=== Task inputs ===
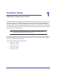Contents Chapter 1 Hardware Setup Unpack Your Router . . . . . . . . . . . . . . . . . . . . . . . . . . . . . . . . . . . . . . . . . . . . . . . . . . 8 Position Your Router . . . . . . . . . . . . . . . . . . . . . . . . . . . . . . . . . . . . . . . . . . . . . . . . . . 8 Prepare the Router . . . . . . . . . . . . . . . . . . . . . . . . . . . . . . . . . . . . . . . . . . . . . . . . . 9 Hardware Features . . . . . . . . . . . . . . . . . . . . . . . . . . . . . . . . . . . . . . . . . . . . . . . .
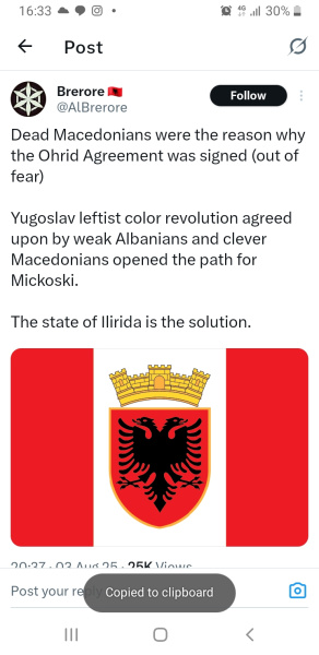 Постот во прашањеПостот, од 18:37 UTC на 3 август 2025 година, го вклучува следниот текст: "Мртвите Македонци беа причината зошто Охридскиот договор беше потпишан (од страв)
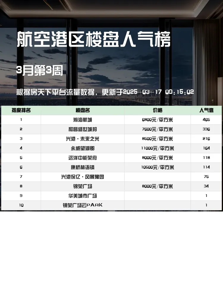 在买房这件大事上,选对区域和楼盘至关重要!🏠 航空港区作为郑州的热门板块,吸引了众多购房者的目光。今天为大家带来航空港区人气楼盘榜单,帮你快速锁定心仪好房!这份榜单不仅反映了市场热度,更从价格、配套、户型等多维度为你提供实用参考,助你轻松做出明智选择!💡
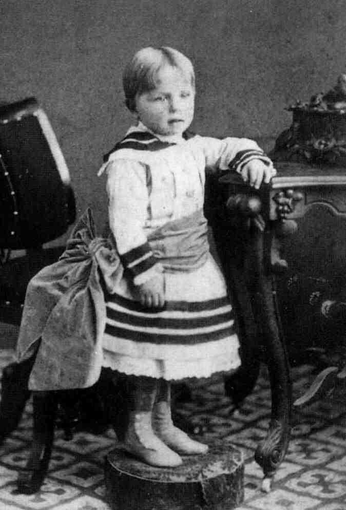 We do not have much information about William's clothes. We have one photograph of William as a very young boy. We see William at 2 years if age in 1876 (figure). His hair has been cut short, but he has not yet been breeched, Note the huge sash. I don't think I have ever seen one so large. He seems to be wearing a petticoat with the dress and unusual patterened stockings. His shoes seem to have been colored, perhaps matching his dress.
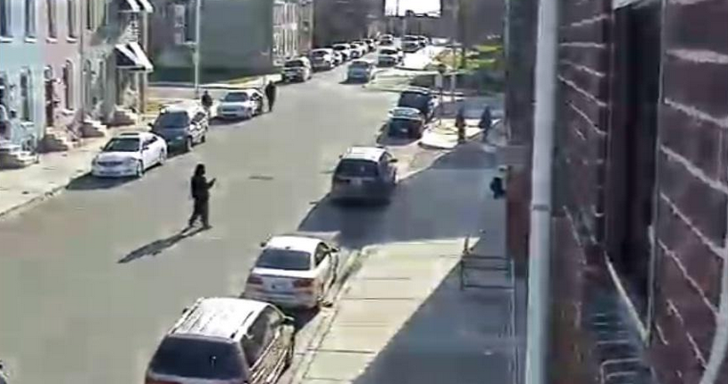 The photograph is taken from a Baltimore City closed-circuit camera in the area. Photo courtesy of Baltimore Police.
===
=== Task inputs ===
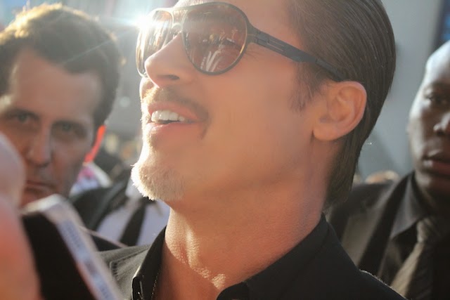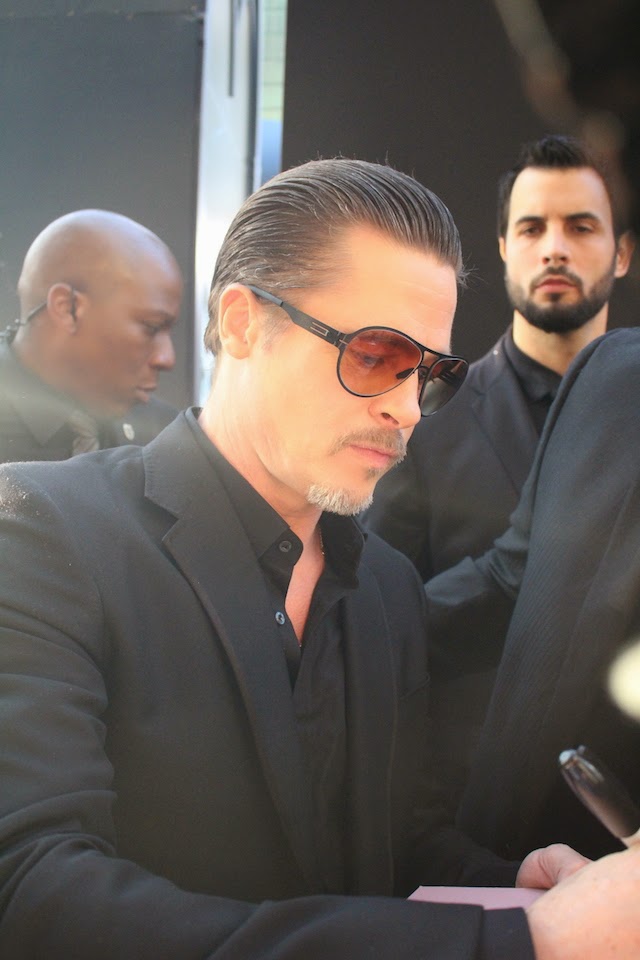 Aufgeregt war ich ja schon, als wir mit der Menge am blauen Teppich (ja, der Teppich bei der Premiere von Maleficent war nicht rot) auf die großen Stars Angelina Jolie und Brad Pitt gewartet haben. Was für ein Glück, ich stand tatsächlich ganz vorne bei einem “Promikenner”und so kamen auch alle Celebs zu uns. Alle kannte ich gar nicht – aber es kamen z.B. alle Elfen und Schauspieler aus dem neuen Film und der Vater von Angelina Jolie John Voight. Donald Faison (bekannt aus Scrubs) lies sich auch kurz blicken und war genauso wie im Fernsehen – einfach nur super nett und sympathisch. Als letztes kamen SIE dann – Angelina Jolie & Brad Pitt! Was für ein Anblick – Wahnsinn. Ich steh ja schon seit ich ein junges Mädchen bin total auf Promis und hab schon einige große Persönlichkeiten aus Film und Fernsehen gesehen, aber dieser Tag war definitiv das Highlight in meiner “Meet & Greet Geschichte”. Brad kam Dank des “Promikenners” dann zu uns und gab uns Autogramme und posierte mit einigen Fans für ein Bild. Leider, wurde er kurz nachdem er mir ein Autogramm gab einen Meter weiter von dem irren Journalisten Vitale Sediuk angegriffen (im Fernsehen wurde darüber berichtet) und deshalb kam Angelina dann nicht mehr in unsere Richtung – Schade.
===
Problem requirements: Only one stretch of the entries above is needed: the lines from the one containing "Contents Chapter 1" through the one containing "The photograph is". Copy it exactly, without the pictures.

Written reply:
Contents Chapter 1 Hardware Setup Unpack Your Router . . . . . . . . . . . . . . . . . . . . . . . . . . . . . . . . . . . . . . . . . . . . . . . . . . 8 Position Your Router . . . . . . . . . . . . . . . . . . . . . . . . . . . . . . . . . . . . . . . . . . . . . . . . . . 8 Prepare the Router . . . . . . . . . . . . . . . . . . . . . . . . . . . . . . . . . . . . . . . . . . . . . . . . . 9 Hardware Features . . . . . . . . . . . . . . . . . . . . . . . . . . . . . . . . . . . . . . . . . . . . . . . .
 Постот во прашањеПостот, од 18:37 UTC на 3 август 2025 година, го вклучува следниот текст: "Мртвите Македонци беа причината зошто Охридскиот договор беше потпишан (од страв)
 在买房这件大事上,选对区域和楼盘至关重要!🏠 航空港区作为郑州的热门板块,吸引了众多购房者的目光。今天为大家带来航空港区人气楼盘榜单,帮你快速锁定心仪好房!这份榜单不仅反映了市场热度,更从价格、配套、户型等多维度为你提供实用参考,助你轻松做出明智选择!💡
 We do not have much information about William's clothes. We have one photograph of William as a very young boy. We see William at 2 years if age in 1876 (figure). His hair has been cut short, but he has not yet been breeched, Note the huge sash. I don't think I have ever seen one so large. He seems to be wearing a petticoat with the dress and unusual patterened stockings. His shoes seem to have been colored, perhaps matching his dress.
 The photograph is taken from a Baltimore City closed-circuit camera in the area. Photo courtesy of Baltimore Police.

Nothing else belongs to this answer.